From the October 24th editorial of the NJ Law Journal:
In its 2009 ruling in LoBiondo v. Schwartz, our Supreme Court declined to read into the common law a mechanism to filter out so-called SLAPP (Strategic Lawsuits Against Public Participation) suits, which are often brought by corporations, real estate developers, government officials and others against individuals and community groups who oppose them on issues of public concern.
SLAPP suits use claims such as defamation, conspiracy, malicious prosecution, nuisance, interference with contract and/or economic advantage to derail public debate and put those exercising their free speech rights on the defensive for activities as innocuous as writing a letter to an editor, reporting unlawful activity, circulating petitions, erecting signs on their property or speaking at public meetings.
Numerous states, most notably California and New York, have enacted statutes that require prediscovery judicial review that would determine whether these suits are meant to stifle free speech or include bona fide claims, thus avoiding the “chill” of expensive discovery…

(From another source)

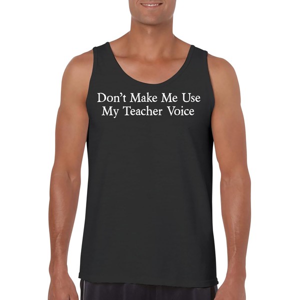 Don’t Make Me Use My Teacher Voice - Funny Men's Sleeveless Tank Top – Comfortable Graphic Tee for Adults CP05 Black

Recently, the state Assembly Judiciary Committee sent to the full Assembly A3505, a bill allowing judges to dismiss a SLAPP suit without requiring the defendant to undergo lengthy and costly discovery before considering a motion for summary judgment. As currently written, the bill allows a SLAPP defendant to file a special motion to dismiss within 45 days of receiving the complaint. The motion would be granted if the defendant makes a prima facie showing that the claim arises from an act in furtherance of the right of advocacy on an issue of public interest, unless the responding party demonstrates that the claim is likely to succeed on the merits, in which case the motion would be denied. Discovery would be stayed pending the outcome of the motion to dismiss unless a judge determines that some limited discovery would not be too onerous for the defendant. Under the bill, a successful attorney would be entitled to attorney fees and costs, in addition to a $10,000 statutory penalty.

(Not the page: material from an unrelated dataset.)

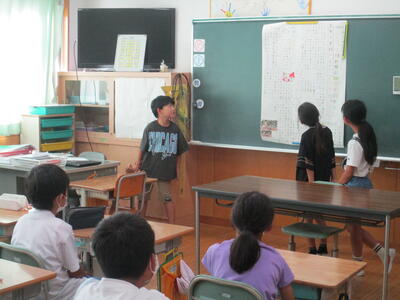 9月13日 国語科で新聞づくりをがんばっていた4年生。取材から始まり、新聞の特徴である、見出し、段組、図や写真などを取り入れながら、新聞を作り上げました。今日は、その発表をがんばっていました。

Most SLAPP lawsuits are not designed to be legally successful, and most have at least a trace modicum of merit that would allow it to proceed without any real possibility ofLoBiondo‘s SLAPP-back sanctions. In any case, we know that judges are loath to issue such sanctions…
The cost of prosecuting such suits are part of the cost of doing business and defending a SLAPP suit—even when defenses are strong—requires a substantial investment of money, time and resources that most defendants and organizations do not have. This not only removes the dispute from the public body that should be determining the issue, but it chills participation in the public debate—something that is at the heart of the First Amendment.
“The point is not to win the lawsuit but to push back against people,” Assemblyman Joseph Lagana, the bill’s chief sponsor, told the committee. “The whole point of this legislation is to dismiss these cases as soon as possible.”